The film begins with a performance by The Juicy Fruits, Swan's latest protégés, singing "Goodbye, Eddie, Goodbye," a fond parody by Williams of '50s teen tragedy tunes like "Leader of the Pack", "Teen Angel" and "Tell Laura I Love Her." The trio of actors who play The Juicy Fruits – Archie Hahn, Jeffrey Comanor and Peter Eibling – are at the heart of the film's deep bank of talent, and effortlessly shift gears from greaser rock and roll to surf satire ("Upholstery") as the Beach Bums, and finally to glam as The Undead, wearing Dr. Caligari-inspired makeup and performing theatrical "horror rock," eerily anticipating the imminent rise of KISS, who were doing their first US tour while Phantom was being filmed in New York, L.A. and Texas.
When De Palma was in pre-production for the film, the idea was floated to try and get real acts like Sha Na Na and Alice Cooper for the film, to collaborate on their own satire.

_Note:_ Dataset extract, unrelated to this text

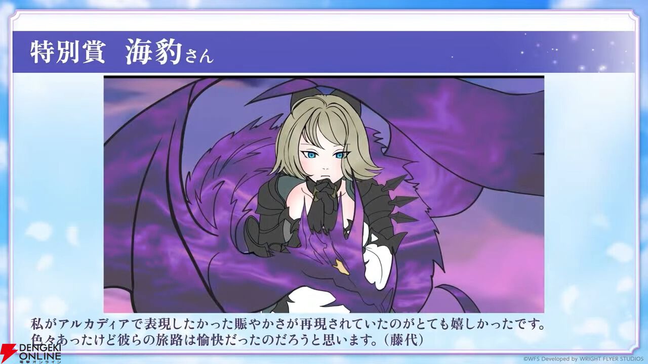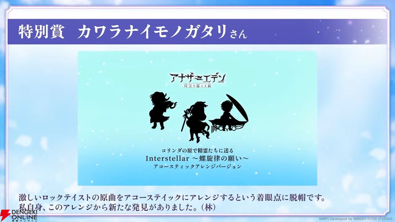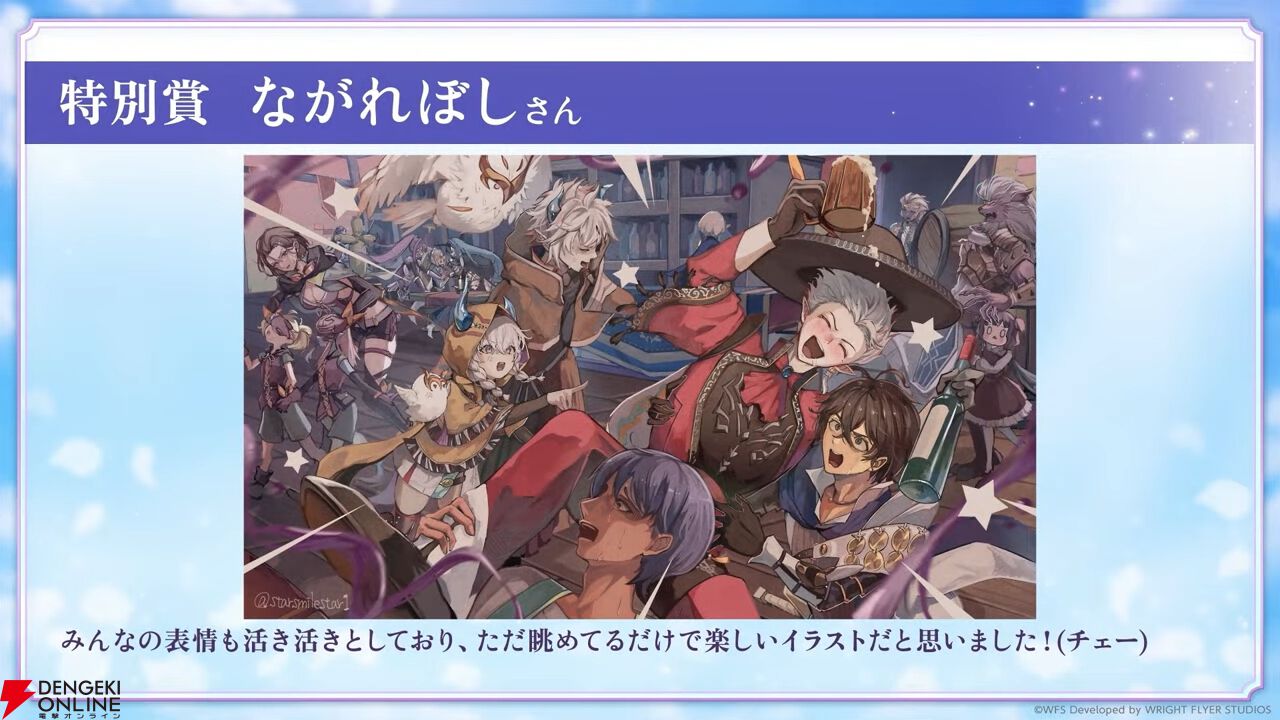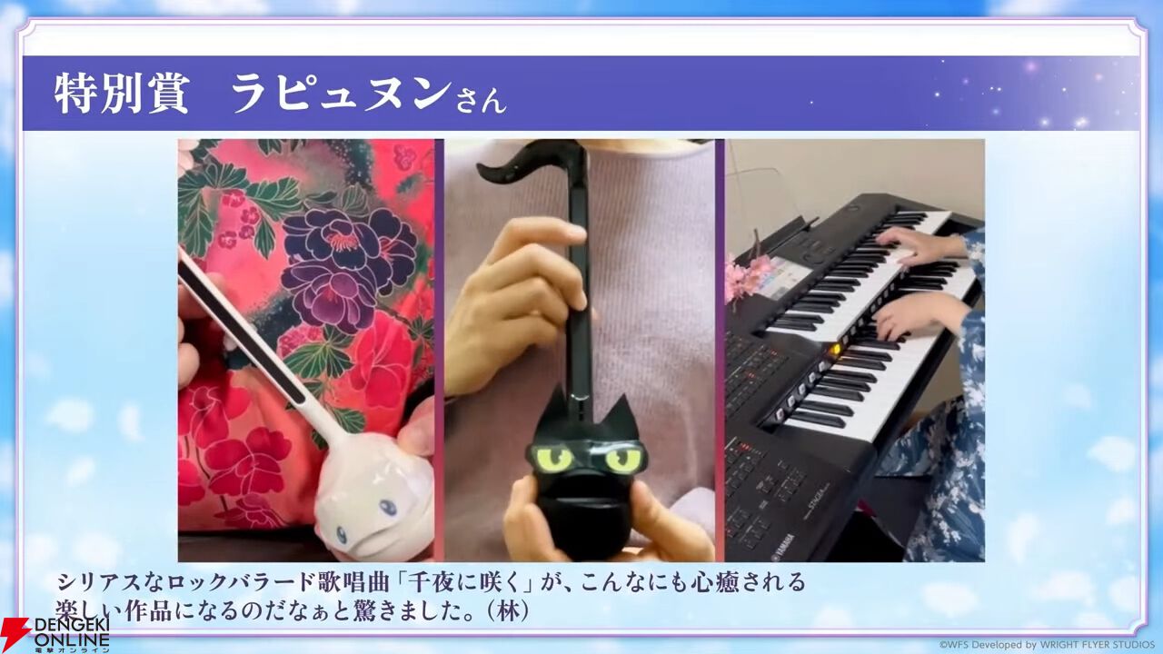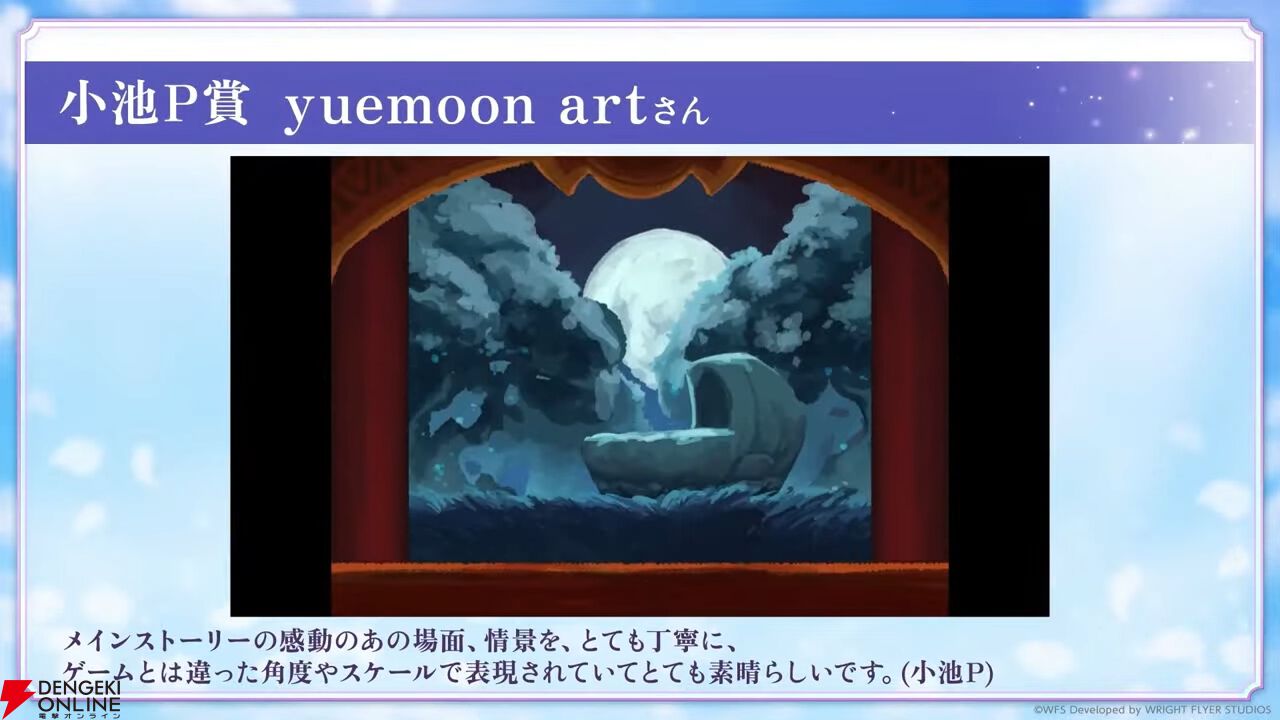 アートコンテストの結果が発表。イラストだけでなく動画、音楽なども受賞しており、発表は動画で行われました。

They might have managed this casting coup – and produced a much worse film – but Paul Williams, who wrote all the music for the film, opposed the idea, worrying that having the actual artists around would have been inhibiting – not to mention the potential for bruised egos.
Williams began his career as an actor, but his short stature and unconventional looks (he plays one of the town's semiferal teens in Arthur Penn's 1966 southern gothic drama The Chase ) would have relegated him to a subset of character actors, so he began writing songs. "Fill Your Heart," co-written with Biff Rose, appeared on Tiny Tim's 1968 album God Bless You Tiny Tim and was covered by no less than David Bowie on his Hunky Dory album.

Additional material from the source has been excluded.